As historical forms, the respective school cultures have a self-perpetuating quality. From a culturalist perspective the empirical interaction within these cultures can be seen as two unequal performance practices. Teaching is also done in order to comply with the respective underlying cultural concepts (Breidenstein, 2006). And both the children and the teachers participate: They work within the education system as actors with the available props, roles and scripts that have been distributed before their performance – what choice do they have?
The kindergarten culture should not be viewed uncritically, often lacking conscious reasons for their own choice of teaching forms and topics. An example regarding didactic decisions: the choice of themes such as the “penguin” (not seldom erroneously combined with the “polar bear”), an ever-popular figure in kindergarten culture (Imhof & Bigler, n.d.; de Beer, 2012) even though this animal actually features only marginally in children’s primary (non-medial) experience, if they have the opportunity of visiting a zoo. Such themes stay in the imagery of kindergarten culture, but mostly without conscious didactic reflection, whereby the implicit motivation can be seen in the “delightfulness” of the theme, which can lend habitual stability to the teaching scenario, as it brings together the image of innocence (associated in pedagogy with childhood since Rousseau, Thies, 2016), with the image of a certain animal, making it “cute”, quite in contrast with its wild nature. The figure can be described as a condensation, a subconscious bringing together of contradictory images (Jakobson & Halle, 1956/2010), in this case of the contradictory founding motivations and aims of kindergarten culture: a kindergarten figures as a shelter from bad civilization and industrialization, keeping children nearer to nature (following Rousseau), but also has the goal of taming the untamed, unsocial, wild behavior of pre-socialized children. Thus described, the choosing of the penguin is not a conscious didactic decision of individual teachers, it is a non-reflected characteristic of the culture of kindergarten that has emerged historically.

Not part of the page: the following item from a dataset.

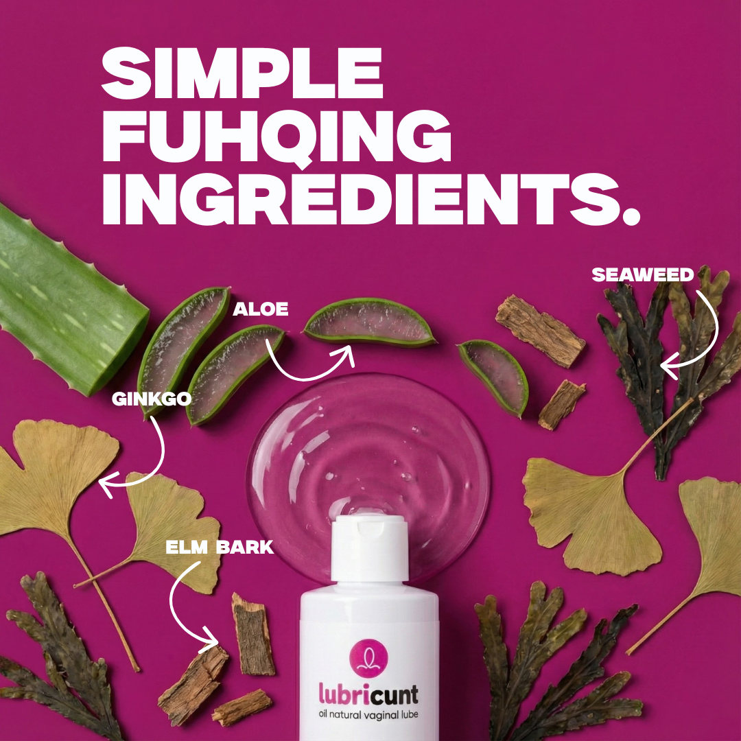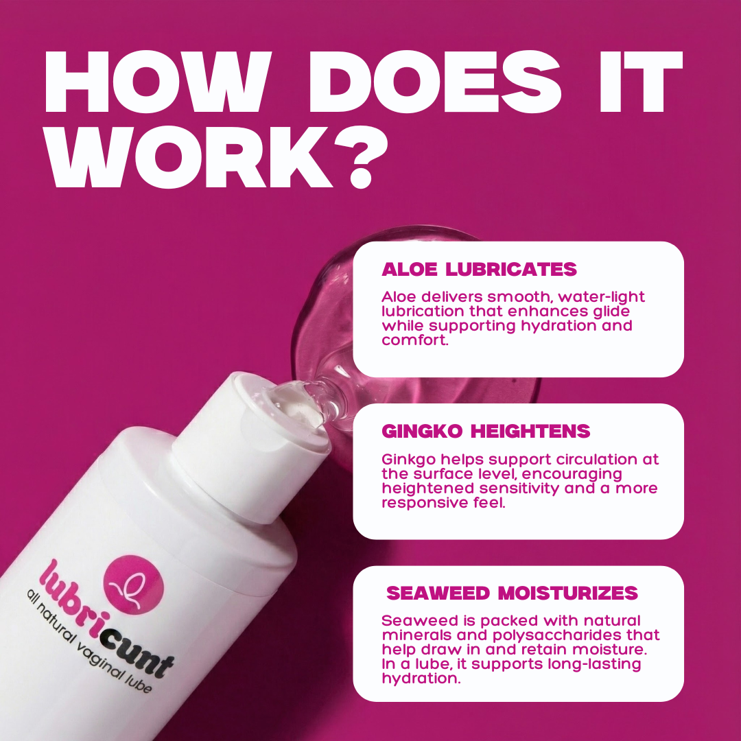 Two bottles of 'PussyPop'in' on a pink background with text.
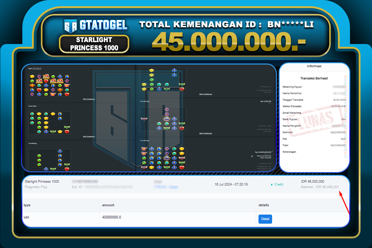 GTATOGEL – BUKTI WITHDRAW KEMENANGAN JP SLOT STARLIGHT PRINCESS 1000 SEBESAR Rp. 45.000.000,- DI BAYAR LUNAS !!!

Thus, the central focus appears often not to be the suitability for children in the sense of educating them, but rather the non-reflected school culture and the images, roles and ideas of what teaching in the kindergarten should “look like”. The kindergarten culture thus also shows itself to be a self-sustaining form, irrespective of whether some traditions should be consciously re-considered.
Another small example that opens the perspective also for primary school: In the German-speaking Swiss kindergarten tradition the “Stübli” session is still most often used, even if it isn’t called that anymore; this is a time where the participants join together and are guided in a circle – named “guided sequence” by Chanson (2004). The children gather in a circle and eventually end the sequence with the communal breakfast, the “Znüni”. During this time the children frequently sing, learn rhymes and participate in certain rituals. As Chanson writes: “In the circle everybody is equal” (2004, 72). Unfortunately, in reality this is also a sequence during which there is a great deal of waiting, when the children cannot initiate activities on their own. The symbolic form of the Stübli circle still fits into the organic imagery of the garden as well as into the progressive pedagogical tradition, but it is also now very suitable to train the secondary virtues, that are seen as important for being “ready” for school: being able to wait, to be quiet. Thus, certain forms can be used in the logic of both school cultures, or in preparation for the “other” culture within its “own” form.

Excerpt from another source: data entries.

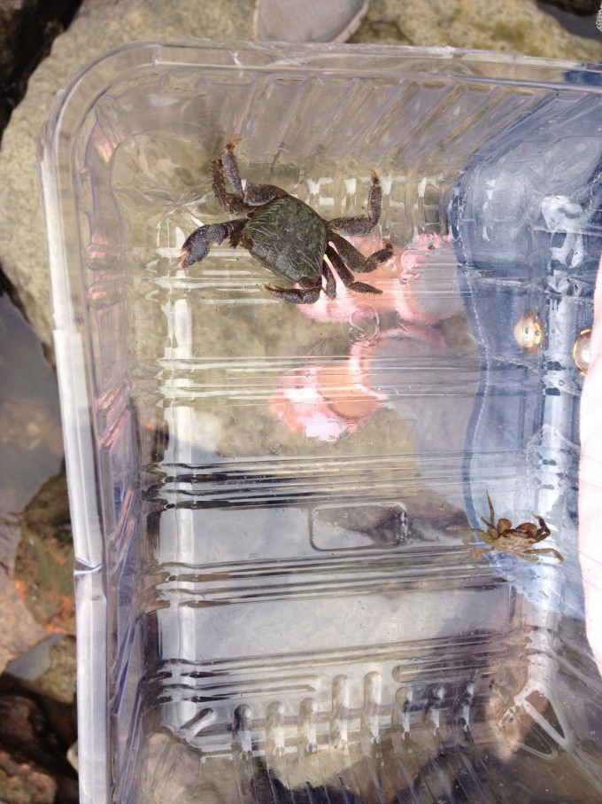 看,我们同伴抓到一个小螃蟹。
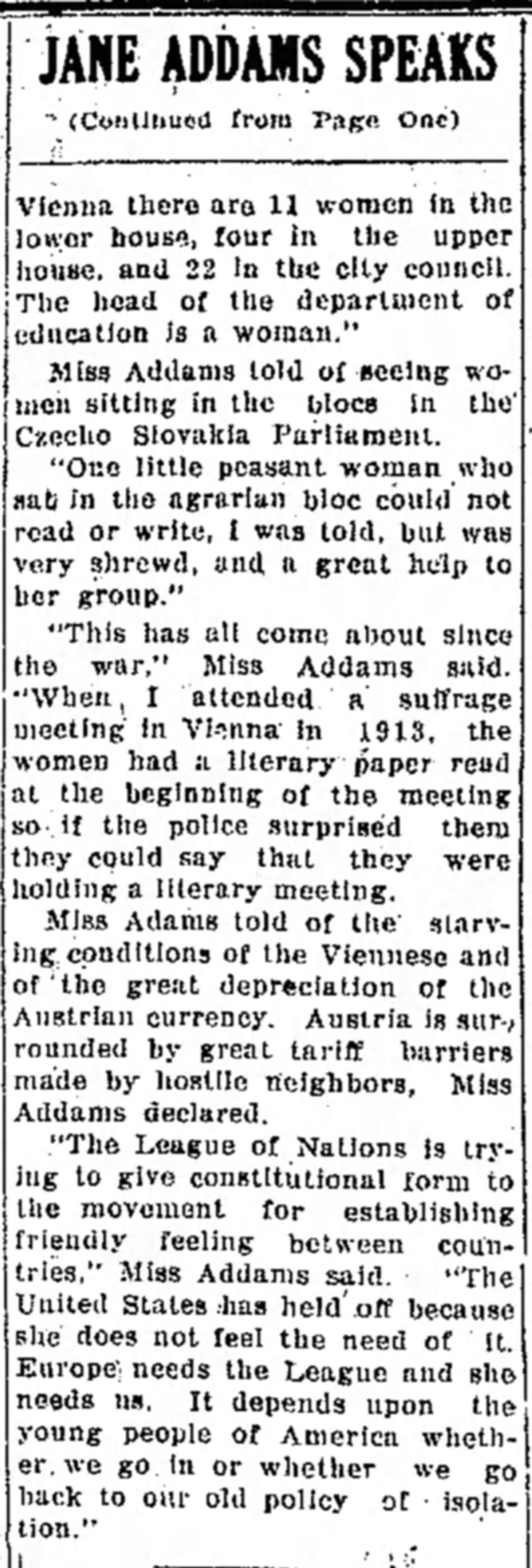 "The League of Nations is trying to give constitutional form to the movement for establishing friendly feeling between countries," Miss Addams said. "The United States has held off because she does not feel the need of it. Europe needs the League and she needs us. It depends upon the young people of America whether we go in or whether we go back to our old policy of isolation."
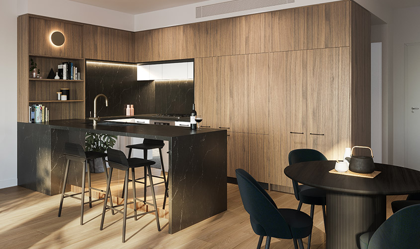 Located at the end of a quiet cul-de-sac, right next to the recently-upgraded Wilga Park, Platinum on Peach Tree is a rare find. Conceived by renowned architects Nordon Jago, and constructed with the expert craftsmanship of Ericon, the development offers residents boutique luxury, with stunning views, a rooftop garden, wellness centre, gym, BBQ area and outdoor pool. It is also the only development in the surrounding area located away from all major roads, in a quiet and peaceful location.
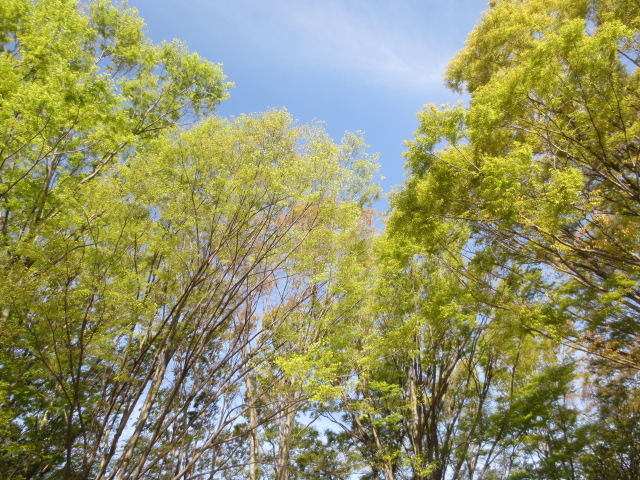 こうして葉っぱだけの木を撮るとゴールデンウィークくらいの季節に見える???
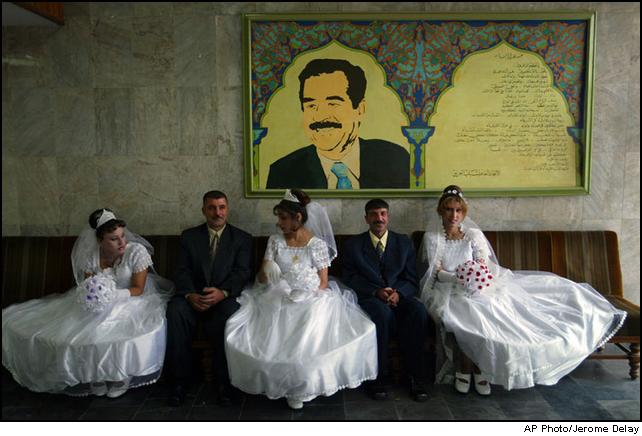 Soon to be Iraqi newlyweds sit under a poster of Saddam Hussein in Baghdad before the start of a group wedding of 155 couples Monday Oct 21 2002. Ech received a suit, a dress, cash from the Iraqi government who also offered the reception. |

In comparison with the school, there is, however, a uniqueness to the kindergarten: The free sequence, or free play is defined by Chanson (2004) as time in which the child is largely allowed to determine his activities himself. “The free sequence” represents autonomous learning in a prepared environment” (Chanson, 2004, 10), where the framework is given through the materials made available by the teacher, the space indoors and outdoors that can be used for play, as well as the playing time and the play-partners (Walter-Laager& Fasseing Heim, 2002). Nevertheless, it needs to be investigated in individual cases to what extent the autonomy of the children is actually possible with regard to the choice of their play activities, goals, space and partners, particularly when taking the real pressure and implementation of primary school teaching elements in kindergarten in the last years into consideration. In German-speaking Switzerland the kindergarten culture traditionally refers to the precious asset of free play, an environment in which the child is protected from the adult world, and with which one should not interfere without being asked to do so (Fröbel, 2017; Association of Swiss Kindergarten-Teachers, 1990), quite in line with the idea of the shelter from bad civilization. The priority of autonomy per se over play-support by the teacher can, however, actually be to the detriment of children who may, for whatever reason, have difficulties in playing (De Haan et al., 2013).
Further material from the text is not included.